Work instruction: Leave the images out, and copy each of the records below exactly.

Supplied material:
================================

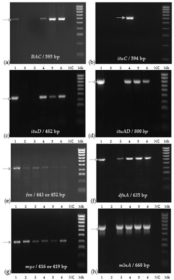 Target genes encoding antifungal compounds (such as bacillibactin, difficidin, fengycin, iturins, macrolactin, and mycosubtilin) were detected via PCR using specific primers (
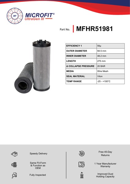 Genuine MicroFit® UltraGen III MFHR51981 filter. Engineered and manufactured in Great Britain the MFHR51981 is designed to meet or exceed the quality and performance of OEM quality standards, ensuring superior filtration performance and the longest possible filter life.Building on over 50 years of filtration expertise, the UltraGen III series is the third generation of MicroFit® filter media, delivering exceptional efficiency and reliability.
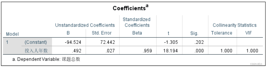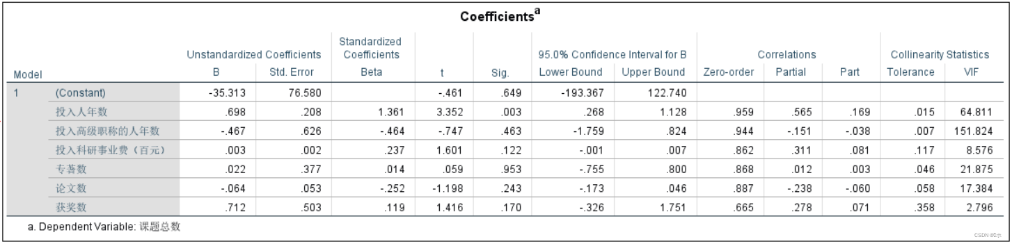结论: 投入人年数、投入高级职称的人年数、专著数、论文数这四个指标的容忍度均<0.1,方差膨胀因子VIF均>10。说明解释变量间有严重的多重共线性。其中投入人年数的P值为0.003<0.05,说明投入人年数对课题总数的影响比较显著。
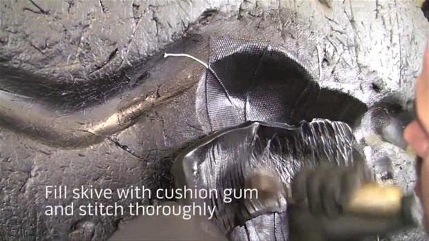 Dev lastiği böyle tamir etti
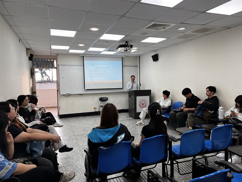 此外,適逢系上初步完成大三出國姊妹校的篩選作業,這場活動也成為了重要的資訊傳遞平台。透過系主任親自向同學們詳盡說明各校特色及申請現況,不僅讓申請流程更加透明,更重要的是為正在準備語言檢定與申請文件的同學指引了清晰的方向。
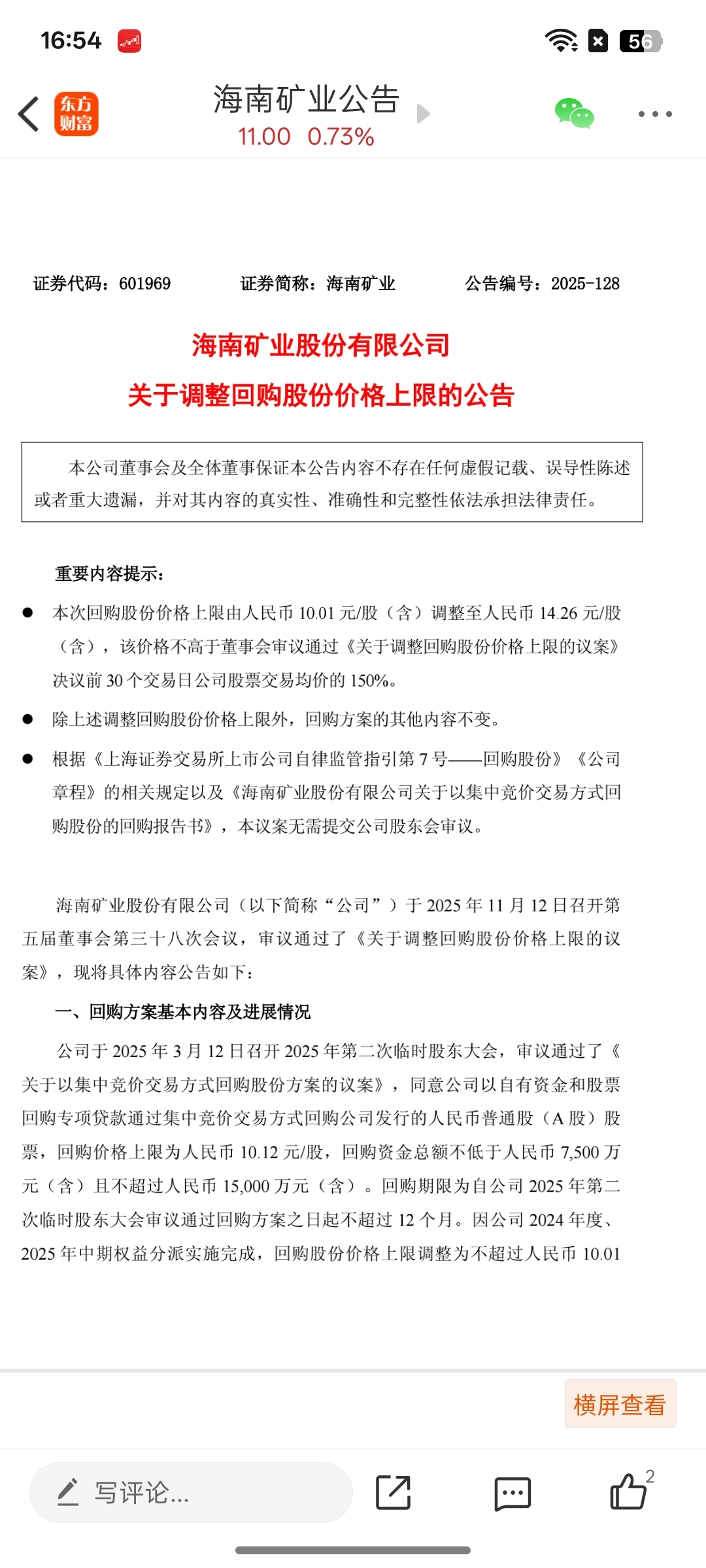 $海南矿业(SH601969)$ 回购上限的价格由10.01上调到14.26了。明天一字板了。
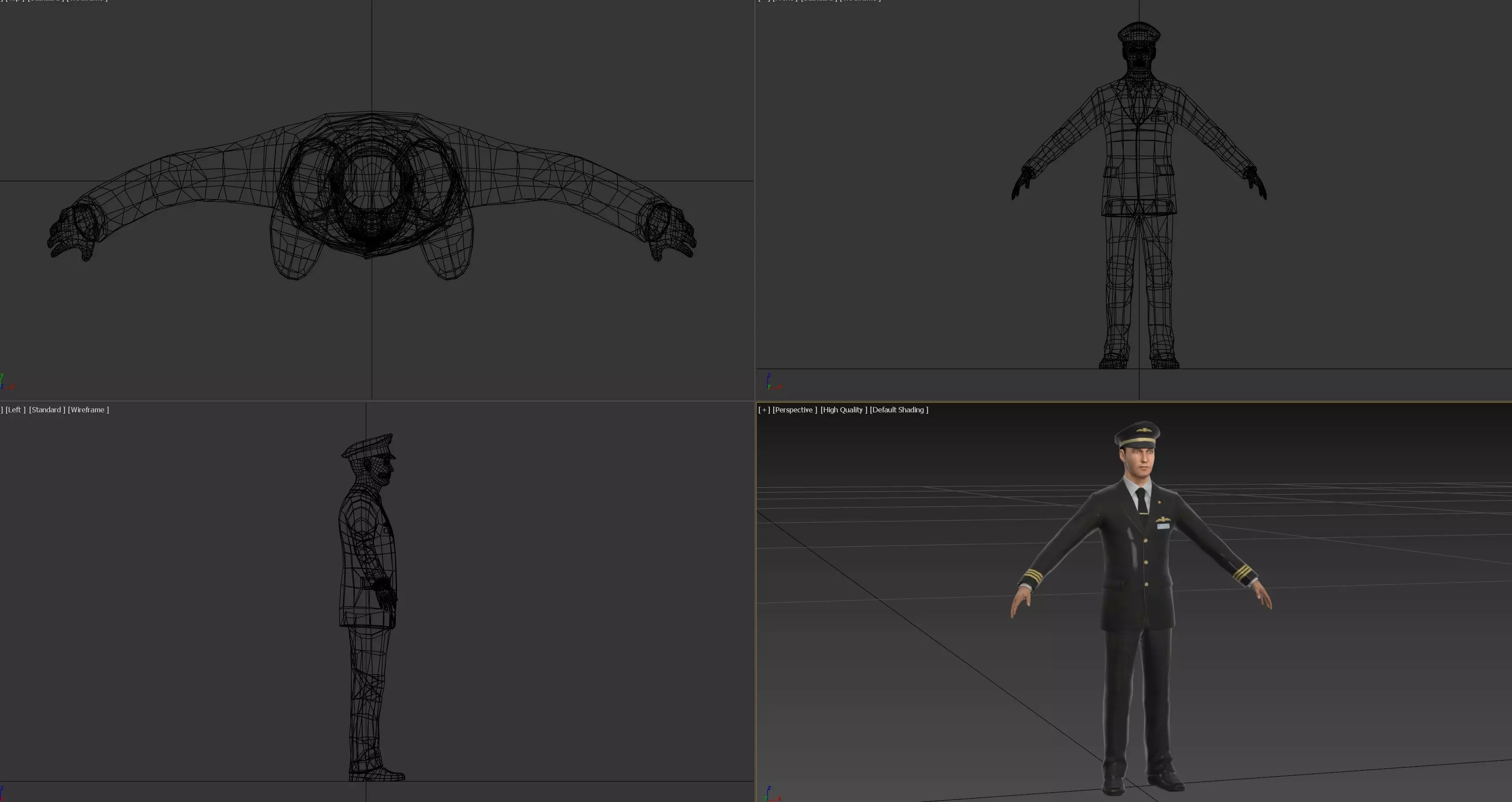 • Animated Pilot Character has a Biped Skeleton with Facial Rig

================================

Completed exercise:
 Target genes encoding antifungal compounds (such as bacillibactin, difficidin, fengycin, iturins, macrolactin, and mycosubtilin) were detected via PCR using specific primers (
 Genuine MicroFit® UltraGen III MFHR51981 filter. Engineered and manufactured in Great Britain the MFHR51981 is designed to meet or exceed the quality and performance of OEM quality standards, ensuring superior filtration performance and the longest possible filter life.Building on over 50 years of filtration expertise, the UltraGen III series is the third generation of MicroFit® filter media, delivering exceptional efficiency and reliability.
结论: 投入人年数、投入高级职称的人年数、专著数、论文数这四个指标的容忍度均<0.1,方差膨胀因子VIF均>10。说明解释变量间有严重的多重共线性。其中投入人年数的P值为0.003<0.05,说明投入人年数对课题总数的影响比较显著。
 Dev lastiği böyle tamir etti
 此外,適逢系上初步完成大三出國姊妹校的篩選作業,這場活動也成為了重要的資訊傳遞平台。透過系主任親自向同學們詳盡說明各校特色及申請現況,不僅讓申請流程更加透明,更重要的是為正在準備語言檢定與申請文件的同學指引了清晰的方向。
 $海南矿业(SH601969)$ 回购上限的价格由10.01上调到14.26了。明天一字板了。
 • Animated Pilot Character has a Biped Skeleton with Facial Rig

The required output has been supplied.